| Your assignment |
In the data below, the copy begins at the line containing "Polisin müdahalesiyle saha" and runs through the last line; repeat those lines exactly, minus the pictures.
# # # # #
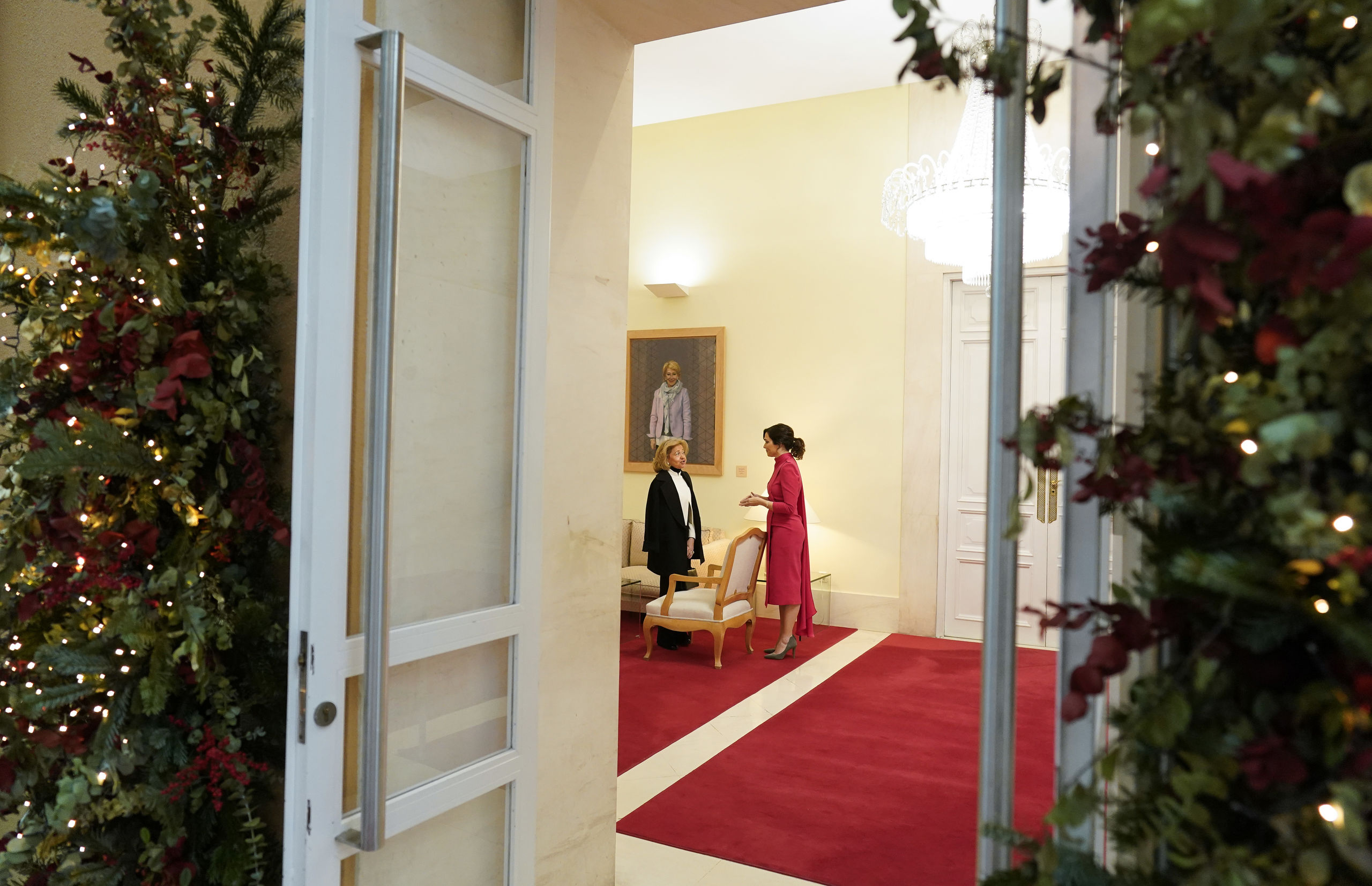 La presidenta de la Comunidad de Madrid, Isabel Díaz Ayuso, junto a la exfiscal general del Estado, Consuelo Madrigal, en una de las salas de la Real Casa de Correos en la Puerta del Sol minutos antes de comenzar el acto.
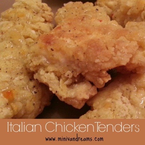 My Italian chicken tenders are a recreation of a delicious staple on a local buffet. Everyday at lunch a local Italian place hs a lunch buffet that is to die for. The first time I ate there I fell in love with their Italian Chicken Tenders
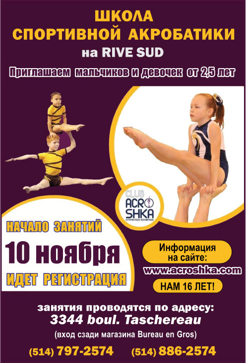 Для регистрации звоните (514) 685-3729 или (514)318-7799
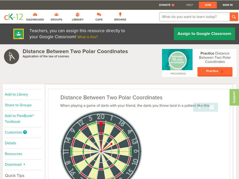 [Free Registration/Login may be required to access all resource tools.] Find the distance between two points expressed in polar coordinates.
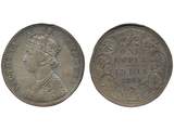 Coins, India. Queen Victoria (1837-1901), KM 492, 1 rupee 1885. Bombay mint. Graded by PCGS as AU55. SW 6.85. XF.
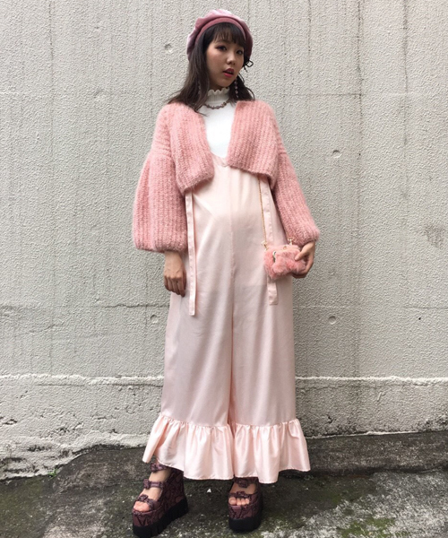 【LAST OFF!!残りわずかなため お早めに!!】 光沢感のある、サテン素材を使ったサロペット。 裾口をデコレーションしたフリルが、スタイリングをガーリーに導きます♪ 合わせるインナ―次第で、様々な表情が楽しめるのも嬉しい☆
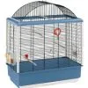 Completa di accessori quali posatoi in plastica ricopetti in gomma, mangiatoie girevoli ed estraibili Brava 2, beverino, pinze per il cibo e specchio-gioco.
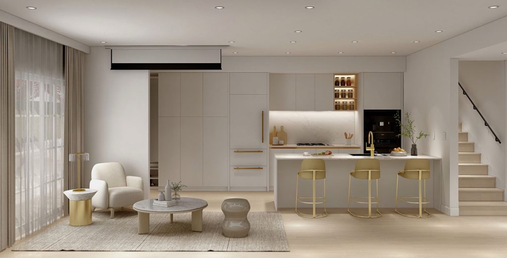 Laurel 32 townhomes are carefully planned and detailed, and have been created for modern family living with contemporary and minimalist concept. Laurel32 is a clever piece of architecture that fits perfectly into the neighbourhood. The two buildings create a landscaped, secluded courtyard between them. The finishes are made up of red bricks and beige stucco recalling classical British architecture with its clean and sophisticated look. Manicured landscaped private rooftop decks and courtyards plus concrete pavers for every home.
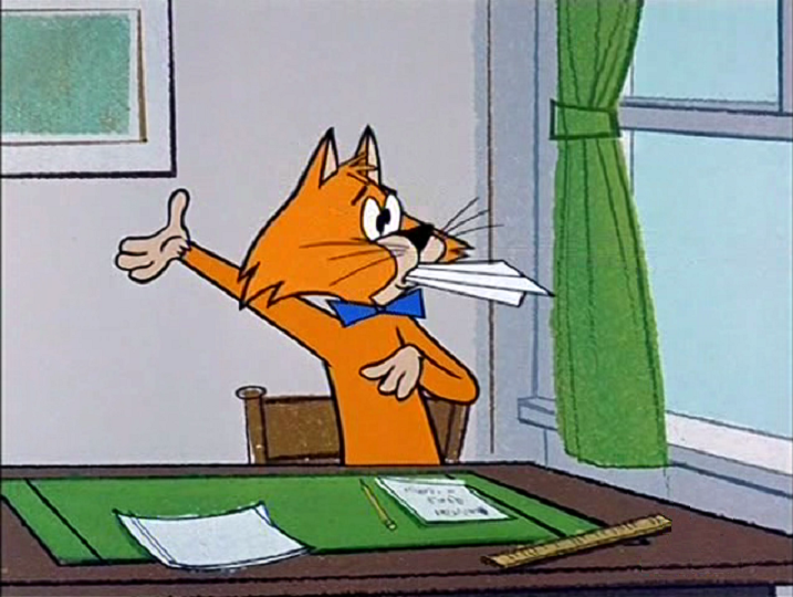 There’s a great routine in the climax of the Warner Bros. cartoon “Fool Coverage” (1952, written by Tedd Pierce) where Porky Pig qualifies for an insurance policy payout from Daffy Duck. The list of conditions keeps growing, becoming more and more outlandish and impossible, but Porky meets them all. The same sort of thing happens in this Hanna-Barbera cartoon. Mr. Jinks is challenged to a duel and told to choose the weapons. Jinks tries to come up with one that doesn’t exist so the duel can’t go ahead.
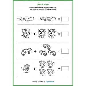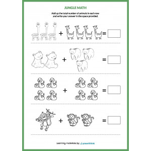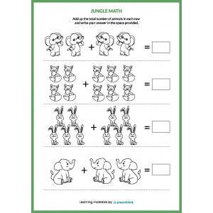 Out worksheets provide several tasks on each page. Kids need to add up the total number of animals in each row and write the answer in the space provided.
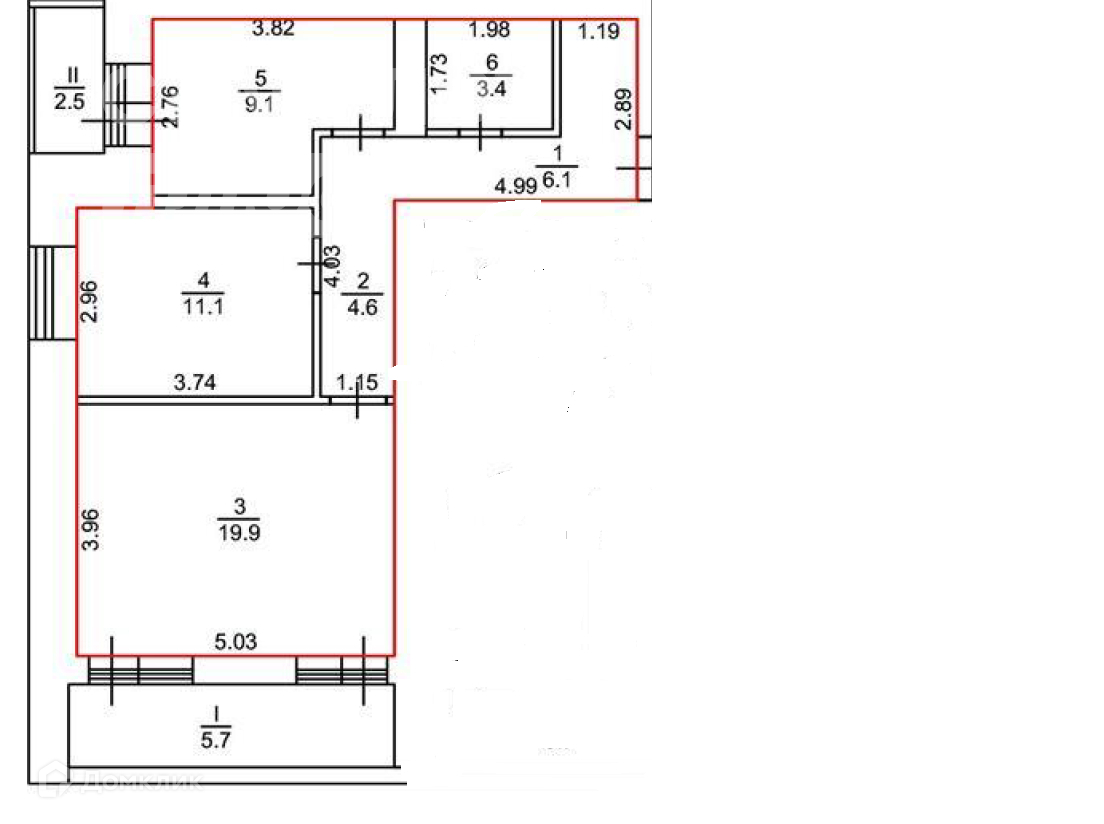 Балкон, лоджия 1 балкон
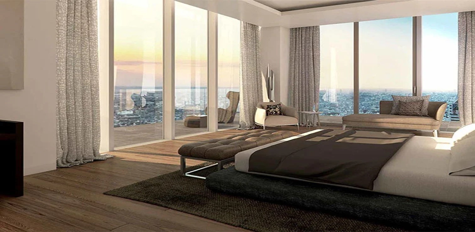 4 BHK Duplex Apartments feature 22-ft ceilings and floor-to-ceiling windows, with a glass facade, signature to Trump style.
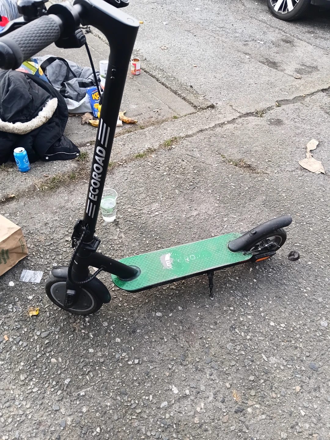 This is an Ecoroad electric scooter with a green deck. It's a fun way to get around town. It's suitable for commuting or recreational use.
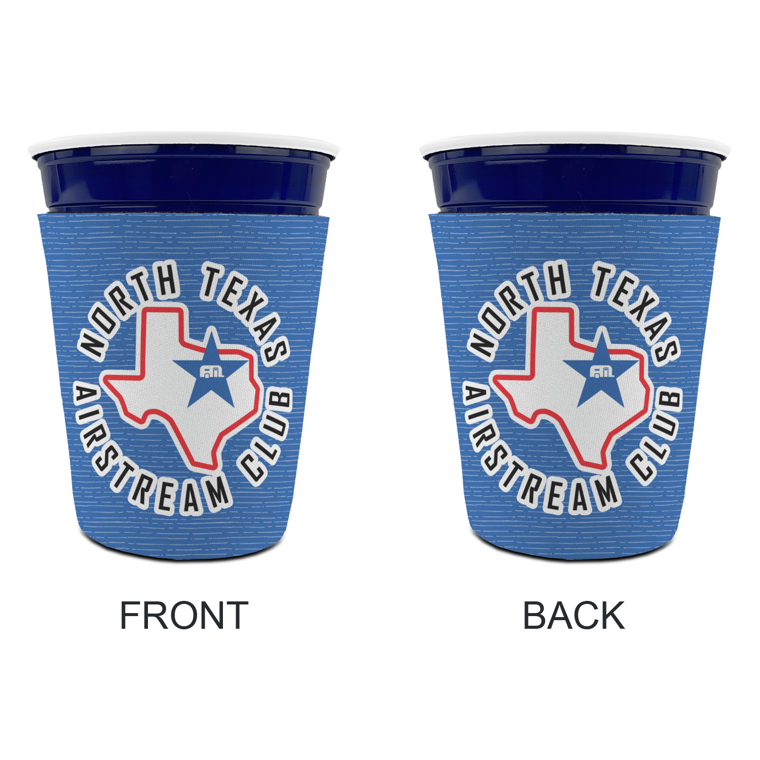 Made from neoprene with a polyester outer fabric and sewn seams, these premium quality party cup sleeves are very durable and will hold up to heavy use. They are available in 2 styles - with a bottom or just a sleeve to go around the outside of the tapered cup. The sleeve covers are about 4" tall and cover about 90% of the classic 16 oz. Solo cup.
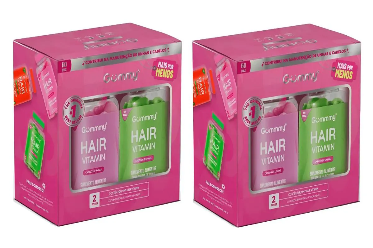 Gummy Hair Vitamin é um suplemento alimentar em gomas com forma de coração.
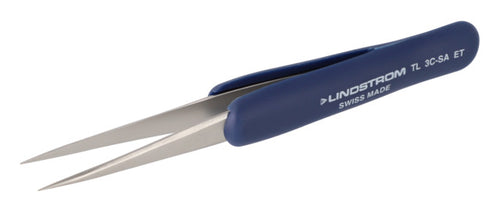 3-SA-ET Stainless Steel Tweezers, Anti-Acid Anti-Magnetic Body with ESD Safe Handles and Straight, Fine, Pointed Tips, 125 mm - 4.92"
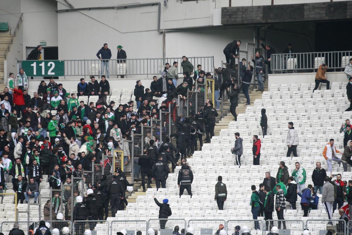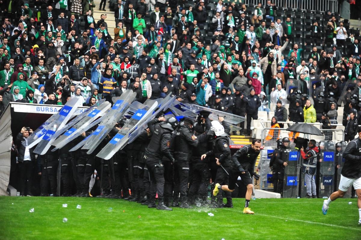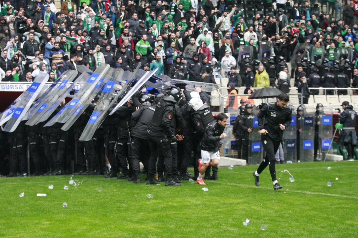 Polisin müdahalesiyle saha içerisindeki arbede sonlandırılırken, her iki takımın oyuncuları soyunma odasına geri döndü.
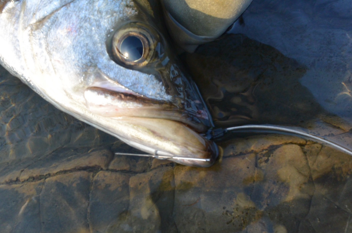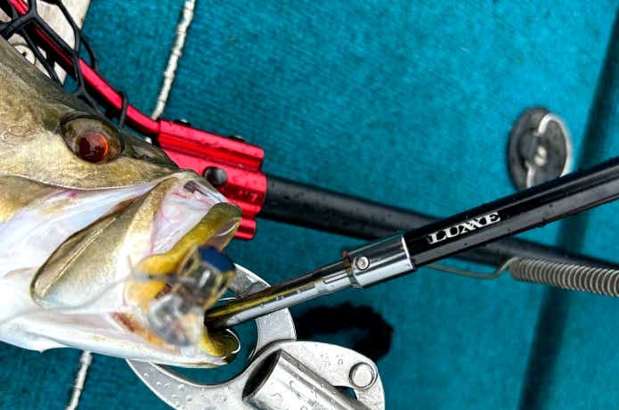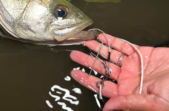 小型のシーバスでも、「リリーサーの陰になってフックが見えにくい」といったことがなく、操作しやすかったですよ。
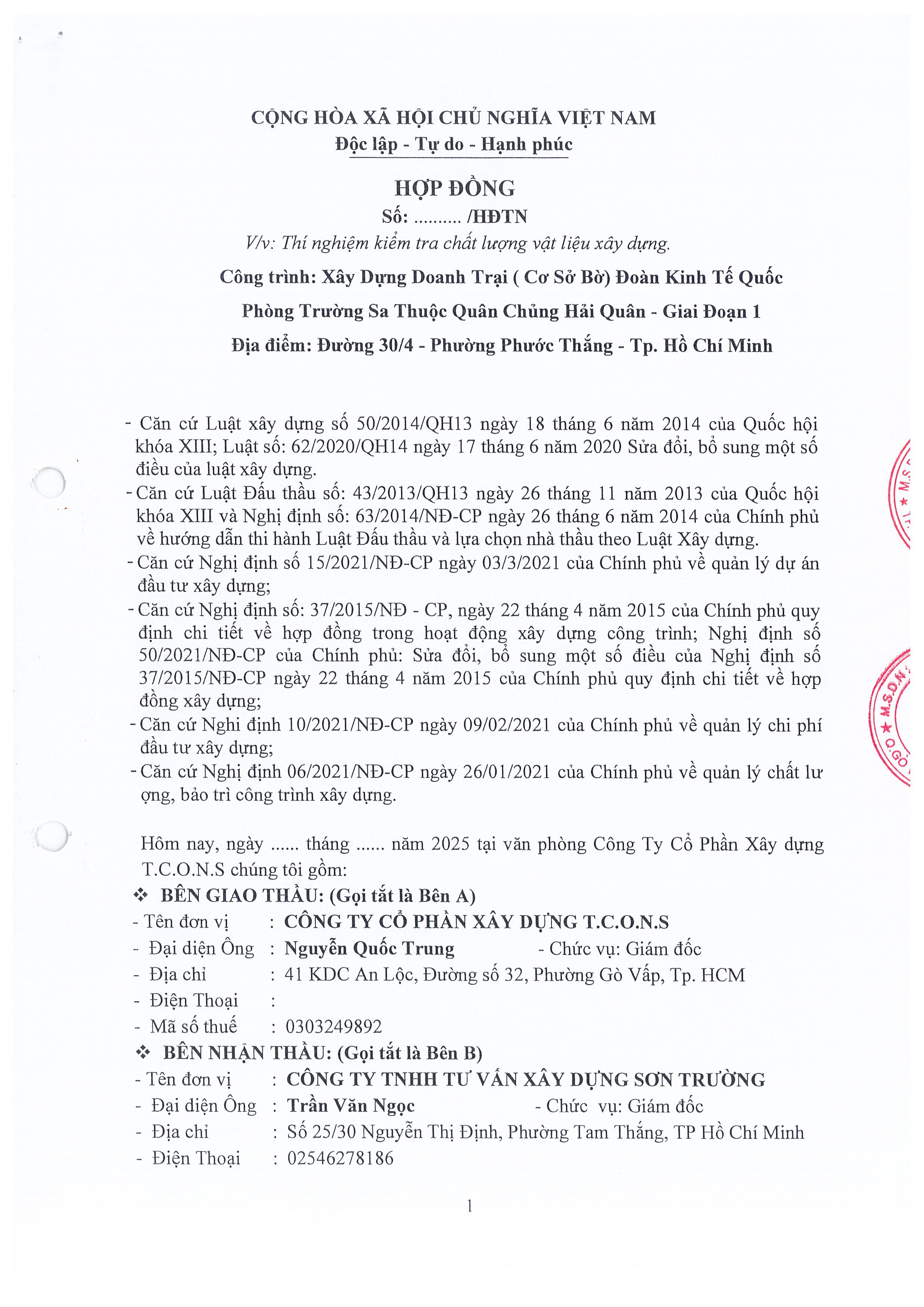 Trang chủ » Xây dựng Doanh Trại (Cơ Sở Bờ) Đoàn Kinh Tế Quốc Phòng Trường Sa Thuộc Quân Chủng Hải Quân – Giai Đoạn 1 Xây dựng Doanh Trại (Cơ Sở Bờ) Đoàn Kinh Tế Quốc Phòng Trường Sa Thuộc Quân Chủng Hải Quân – Giai Đoạn 1 Địa chỉ: Đường 30/4 - Phường Phước Thắng - Tp. Hồ Chí Minh Thời gian: 01/01/1970 Nội dung hợp đồng
# # # # #
| Solution below |
 Polisin müdahalesiyle saha içerisindeki arbede sonlandırılırken, her iki takımın oyuncuları soyunma odasına geri döndü.
 小型のシーバスでも、「リリーサーの陰になってフックが見えにくい」といったことがなく、操作しやすかったですよ。
 Trang chủ » Xây dựng Doanh Trại (Cơ Sở Bờ) Đoàn Kinh Tế Quốc Phòng Trường Sa Thuộc Quân Chủng Hải Quân – Giai Đoạn 1 Xây dựng Doanh Trại (Cơ Sở Bờ) Đoàn Kinh Tế Quốc Phòng Trường Sa Thuộc Quân Chủng Hải Quân – Giai Đoạn 1 Địa chỉ: Đường 30/4 - Phường Phước Thắng - Tp. Hồ Chí Minh Thời gian: 01/01/1970 Nội dung hợp đồng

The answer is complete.